Task statement: Using the data beneath this instruction, retype only the lines from the one that contains "수덕사 입구의 가을 단풍과 어우러진 상가의 풍경들이 아름답게 다가온다." down to the one that contains "Which type of", both included, exactly as they appear.

Data provided:
+++
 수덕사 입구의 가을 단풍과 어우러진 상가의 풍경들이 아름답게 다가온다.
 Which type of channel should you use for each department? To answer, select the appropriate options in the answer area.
+++
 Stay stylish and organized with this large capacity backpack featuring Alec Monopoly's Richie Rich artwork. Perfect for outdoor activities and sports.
+++
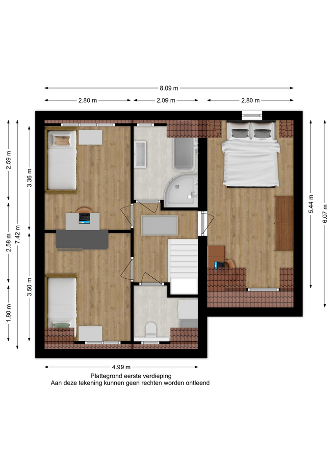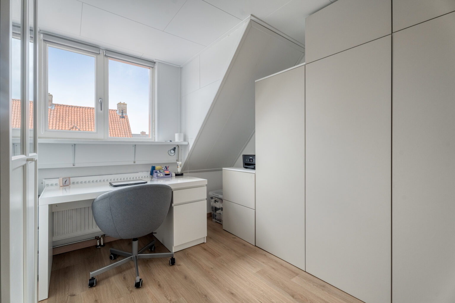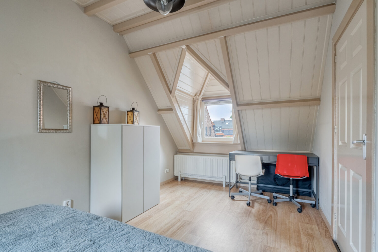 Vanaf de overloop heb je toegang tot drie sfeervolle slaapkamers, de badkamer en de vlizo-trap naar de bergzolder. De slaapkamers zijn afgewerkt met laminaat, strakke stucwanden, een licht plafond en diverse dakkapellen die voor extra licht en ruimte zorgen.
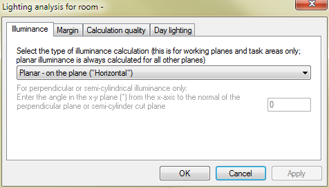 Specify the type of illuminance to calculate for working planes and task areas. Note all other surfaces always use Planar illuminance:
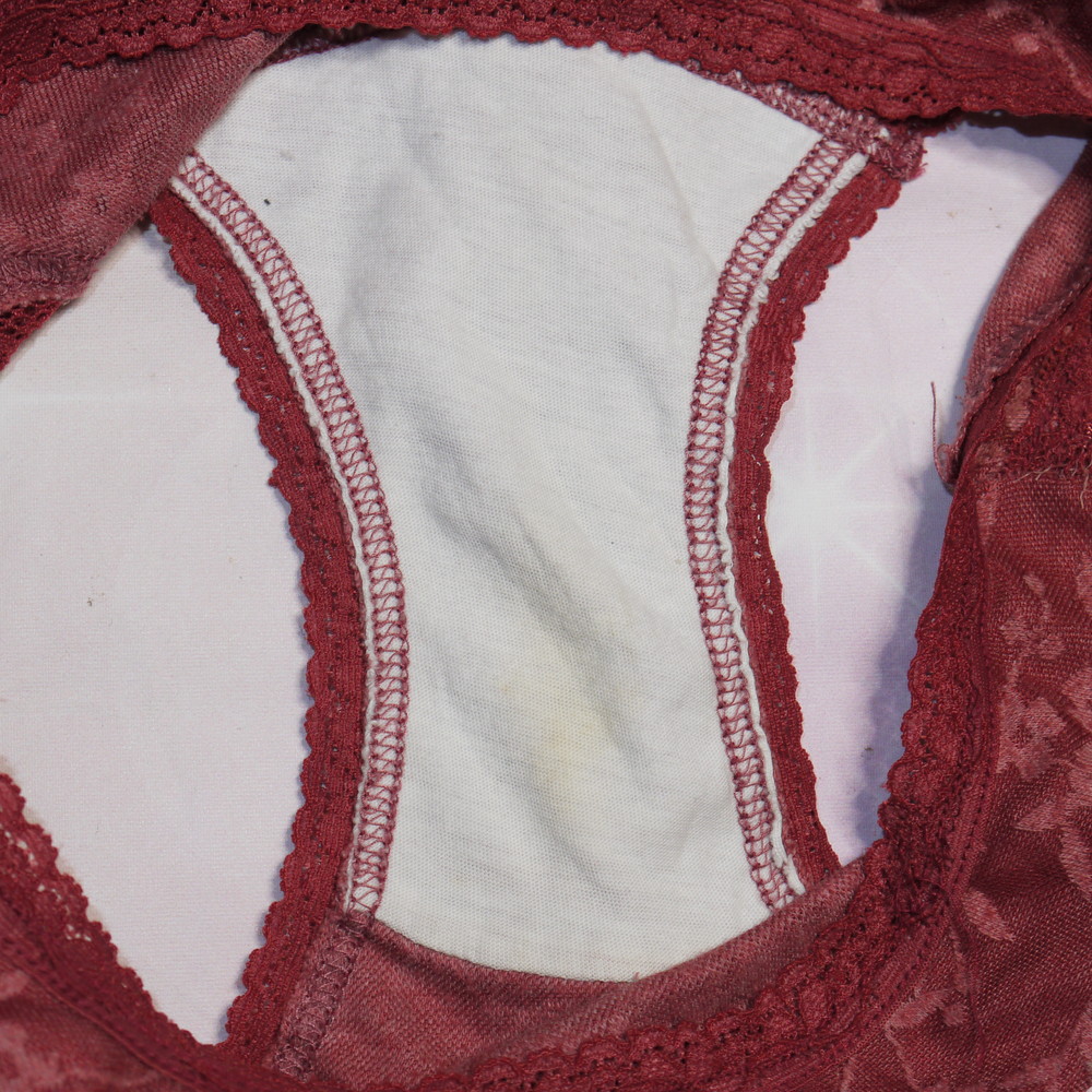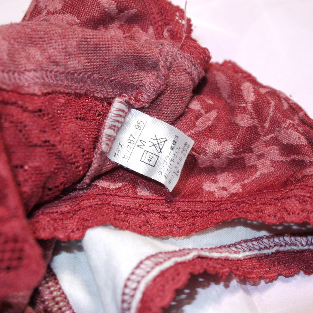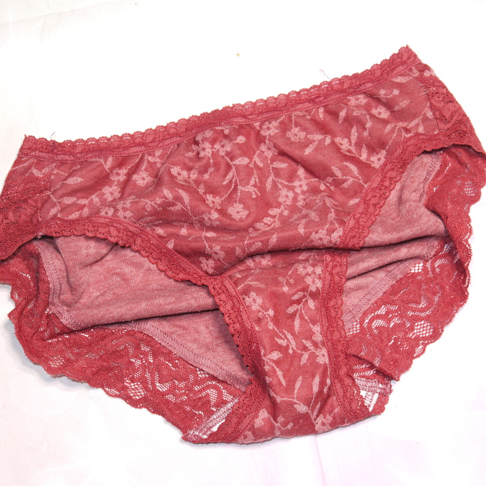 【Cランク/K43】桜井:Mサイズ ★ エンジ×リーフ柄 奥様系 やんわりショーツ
+++
Answer to this problem:
 수덕사 입구의 가을 단풍과 어우러진 상가의 풍경들이 아름답게 다가온다.
 Which type of channel should you use for each department? To answer, select the appropriate options in the answer area.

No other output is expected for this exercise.